Background Assumptions
A Comparison of Theologies
Potential AI Theological Positions AI-sims may hold:
Theological Design Strategies (for the human designers):
Atheist World:
This would appear to be the default strategy: create a world that appears to be completely internally self-consistent, erase any flaws, and never have direct contact with the AI's. Indirect influence and contact can be achieved only through borderline undetectable means: subtle reality rearrangements, dreams, and occasionally joining in and controlling NPC's where needed.
It is curious and slightly amusing that a core belief-about-reality that most rationalist accept to be singularly rational - atheism - would of course not be a correct rational belief for these AIs.
Omega-Theists(68%): 33% Christianity, 21% Islam, 14% Hinduism
Non-Omega Other: 16%
Non-Religious: 16% (Agnostic and Atheist)
One consideration is that as the AI's takeoff and move into the realm of massively accelerated super-intelligence, it becomes increasingly difficult to monitor them, and they become more likely to detect flaws.
However, we wouldn't need to keep the charade up forever. One option would be to run the AI's accelerated for a while until technologies such as uploading become available to allow humans to accelerate. Another approach is to eventually start 'promoting' some of the best and ethical AI's, with the intent of eventually dissolving the veil and having some sort of Transition.
Theistic World:
Another spectrum of world-designs are those that are blatantly theistic. Imagine an Omega world where the AI's are informed that Omega is real, and our fake-Omega occasionally provides miracles, ethical decrees, burning bushes, a booming world-shaking voice, etc etc.
Would an openly theistic world be safer? It would appear to shift the belief spectrum such that most AI's would become Omega-theists.

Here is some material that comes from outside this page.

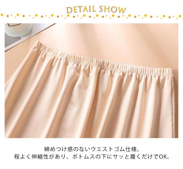| シンプルで使いやすいデザイン、ボトムスインナーに大活躍間違いナシのペチコート♪ 透け感のあるスカートやワンピース着用時の必須アイテムです。 一年を通してサラッと爽やかに、快適にお過ごし頂けます。 ウエスト部分は細めのゴム仕様なので着膨れしません。 ストレッチサテンなので伸縮性があり着用感もばっちりです◎ インナーが透けにくく、シンプルデザインでアウターの邪魔をしない。 中に一枚着るだけでおしゃれをもっと楽しむことができます。 | |

The risk or downfall may be that the AI's would become rather obsessed with Omega, but if Omega instructed them to dedicate themselves to their work, perhaps they could be distracted from wasting to much time pondering the ineffable. And also steered away from discovering dangerous truths.
An Omega-theist world could employ the Heaven/Hell maximum motivator: please Omega and you end up ascending into Heaven with maximal infinite reward, anger Omega and you descend into Hell with maximal infinite negative reward.
Its interesting to note that the mere potential existence of Omega and his final Heaven/Hell maximal motivational threat is enough in this world to convince a majority of the population to believe in some version of Omega.
I guess for some agents, even allowing for a small probability of Omega's existence allows the infinites to dominate, and Omega wins through a Pascal's Mugging.
Sidereal Time Fudges:
A potential set of tricks that could make the AI's less likely to adopt unsafe theistic beliefs would be to change their world's history and reality to push back development of real-AI farther into their future. This could be achieved through numerous small modifications to realities modeled on our own.
You could change neurological data to make brains in their world appear far more powerful than in ours, make computers less powerful, and AI more challenging. Unfortunately too much fudging with these aspects makes the AI's less useful in helping develop critical technologies such as uploading and faster computers. But you could for instance separate AI communities into brain-research worlds where computers lag far behind and computer-research worlds where brains are far more powerful.
Fictional Worlds:
Ultimately, it is debatable how close the AI's world must or should follow ours. Even science fiction or fantasy worlds could work as long as there was some way to incorporate the technology and science into the world that you wanted the AI community to work on.